仏教の施設であり、仏様(ブッダや観音様など)が祀られています。インドや中国から伝わってきました。
- 山門(さんもん)がある
- 鳥居の代わりに、立派な屋根がついた門があります。仁王像(におうぞう)が守っていることも多いです。地図記号は「卍(まんじ)」です。
- 仏像がある
- 本堂の中や境内に、お釈迦様、観音様、お地蔵様などの像が安置されています。
- お墓がある
- 多くの寺院には墓地が併設されています(神社にお墓があることは稀です)。
- 瓦屋根
- 重厚な瓦(かわら)を使った屋根が多く見られます。
- お香・線香
- お香の煙で体を清める香炉(こうろ)が置かれています。
「参拝方法」のルール
「パンパン!」と手を叩くのはどっちだっけ?と迷うことが一番多いポイントです。 ここだけ覚えておけば、どこへ行っても恥ずかしくありません。
神社の参拝:二礼二拍手一礼
神社では、音を立てて神様を招きます。
- お賽銭を入れる。
- 鈴を鳴らす。
- 深いお辞儀を2回する(二礼)。
- 胸の前で手を合わせ、パンパン!と2回拍手をする(二拍手)。
- この時、右手を少し下にずらすと良い音が出ます。
- 拍手の後、手を合わせてお祈りします。
- 最後に深いお辞儀を1回する(一礼)。
お寺の参拝:合掌一礼
お寺では、手は叩きません。 静かに手を合わせます。
- (あれば)お線香をあげる。煙を浴びて身を清める。
- お賽銭を入れる。
- 鰐口(わにぐち)などの鐘があれば静かに鳴らす。
- 胸の前で静かに手を合わせる(合掌)。
- 手は叩かずに、そのまま静かにお祈りをする。
- 心の中で「南無阿弥陀仏(なむあみだぶつ)」やご本尊の名前を唱えます。
- 最後に一礼する。
【覚え方】
- 神社は「パンパン!」(拍手する)
- お寺は「シーッ」(拍手しない・静かに合掌)
祀られている存在の違い(神様と仏様)
神社の「神様」
日本には「八百万(やおよろず)の神」という言葉があり、自然界のあらゆるものに神が宿ると考えられています。
- 代表例: 天照大御神(太陽の神)、スサノオノミコト、稲荷神(お稲荷さん)、菅原道真公(学問の神・実在の人物)など。
- ご神体は「鏡」や「剣」や「山そのもの」であることが多く、本殿の奥深くにあるため直接見ることはできません。
お寺の「仏様」
仏教の教えを開いたお釈迦様や、悟りを開いた存在です。人々を苦しみから救うために色々な姿をしています。
- 代表例: 阿弥陀如来、薬師如来、観音菩薩、不動明王など。
- 仏像として「目に見える形」で安置されていることが多く、直接お顔を見て拝むことができます。
管理人の感想:どちらも大切にする日本の心
海外の方に説明するとき、「日本人はクリスマス(キリスト教)を祝い、除夜の鐘(仏教)を聞き、初詣(神道)に行く」と言うと驚かれます。 しかし、これこそが日本の「和」の精神であり、寛容さだと思います。

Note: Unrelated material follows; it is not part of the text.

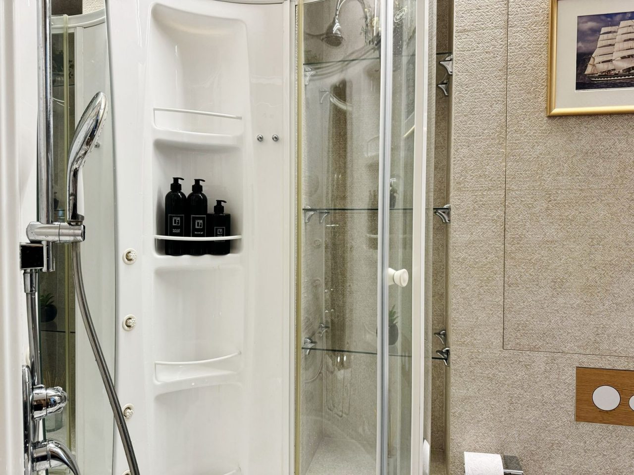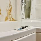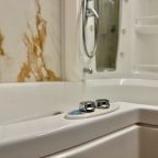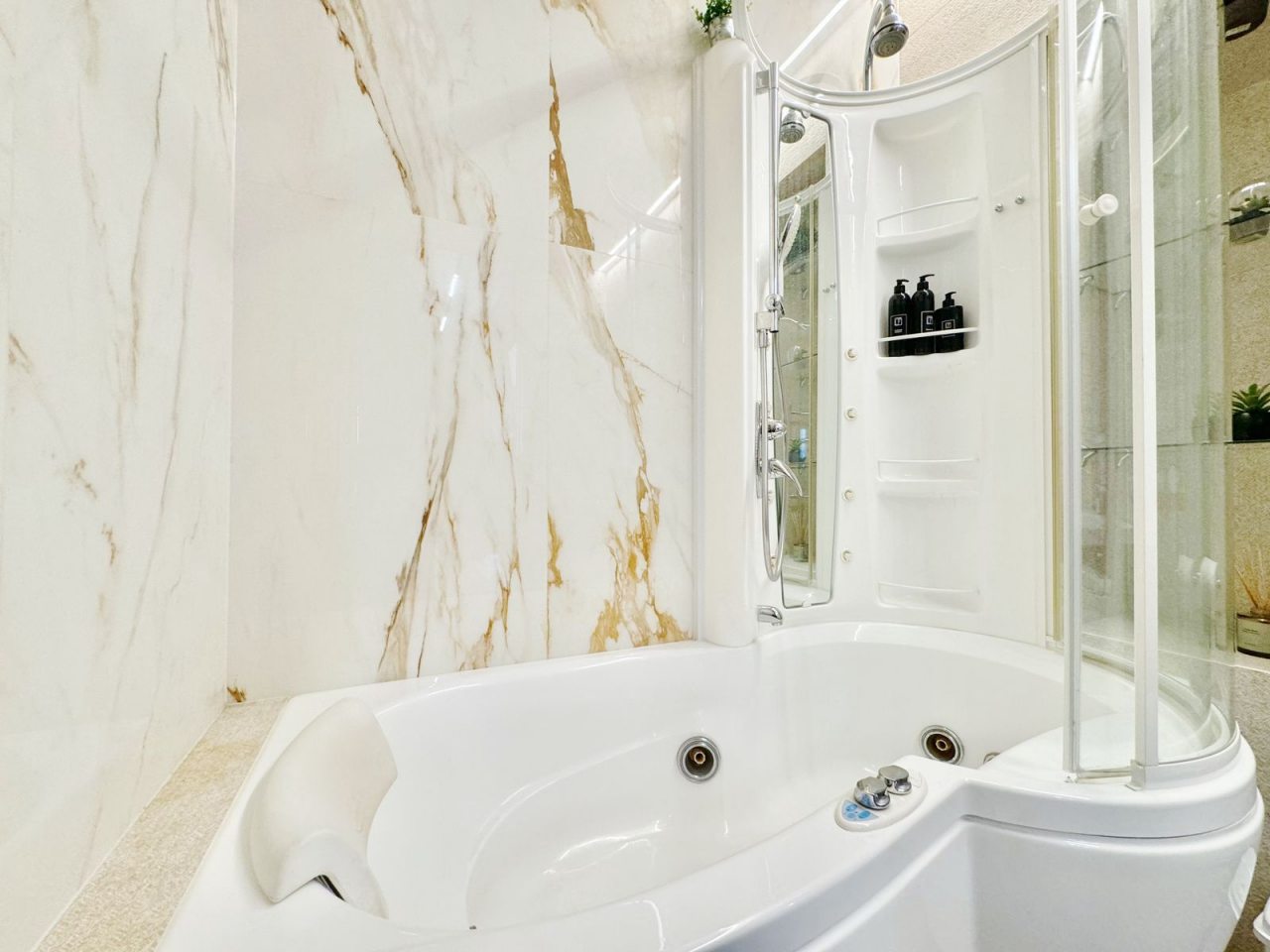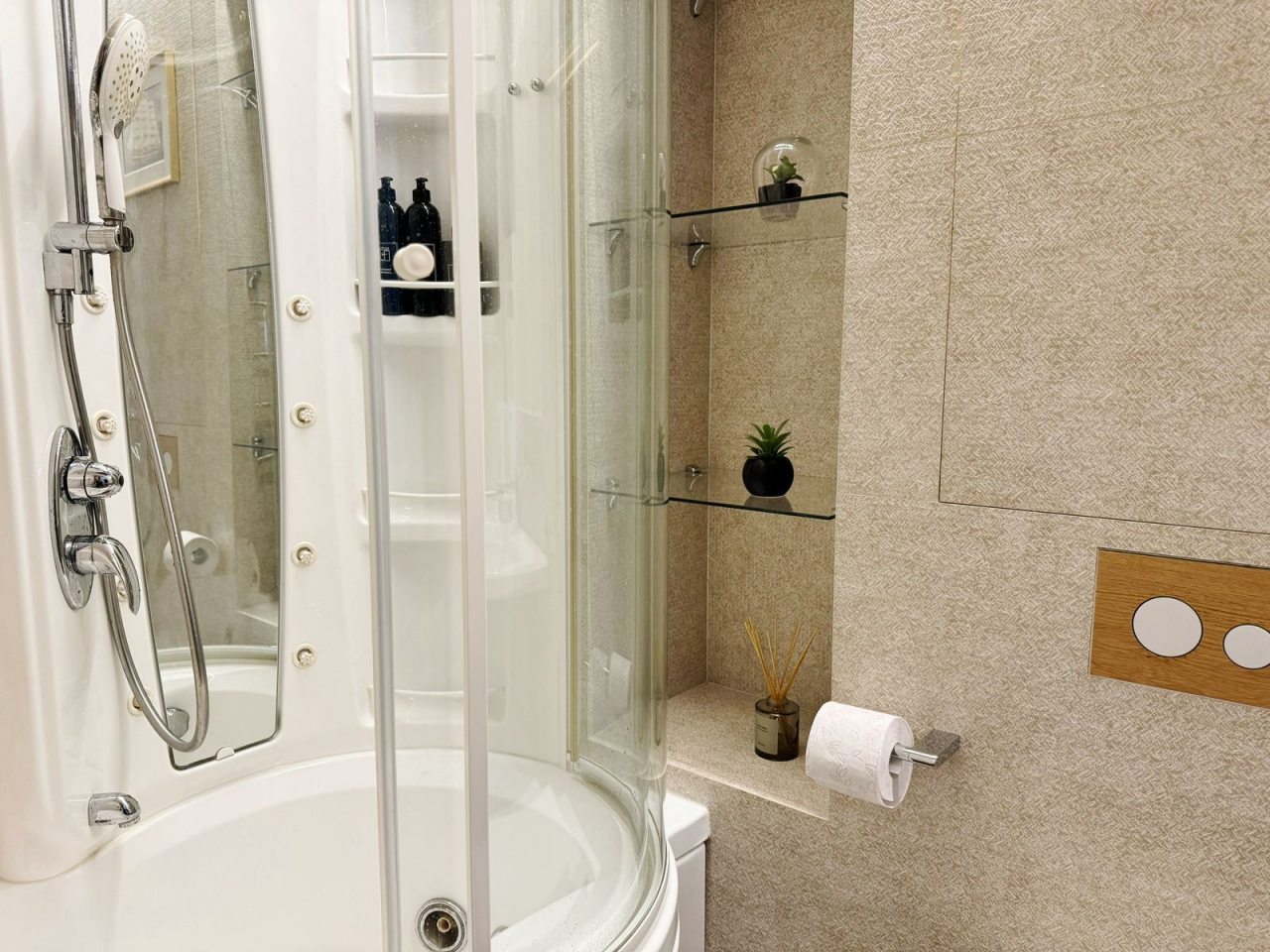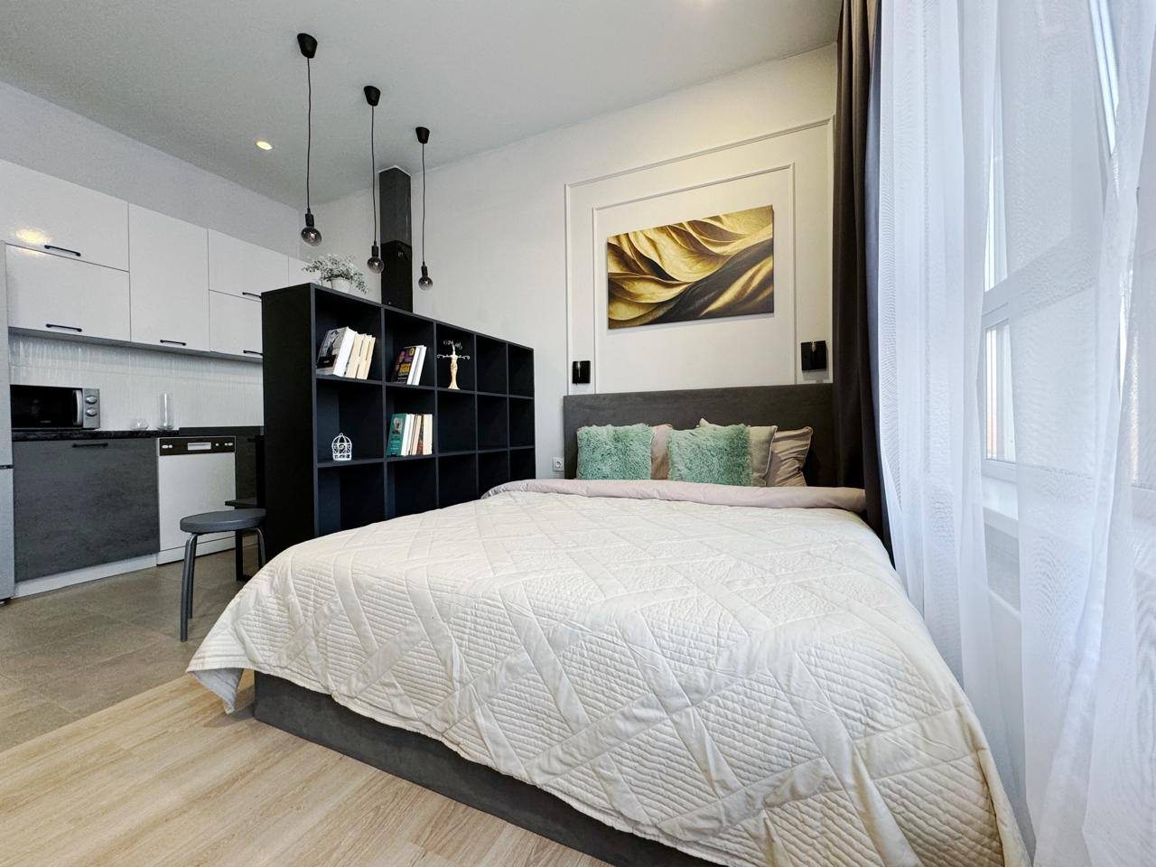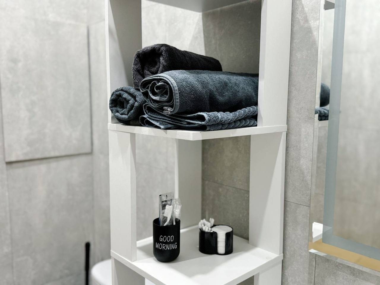 В апартаментах есть: ЖК-телевизор с игровой приставкой, комод, диван, кровать, отдельная ванная комната с душевой кабиной, туалетом и раковиной.

厳かな空気の神社で背筋を伸ばすのも良し、お香の香りが漂うお寺で心を落ち着けるのも良し。 「神社かお寺か」という違いを理解した上で、それぞれの場所が持つ独特の空気感を楽しんでみてください。 どちらも私たちの心を支えてくれる、大切な場所であることに変わりはありません。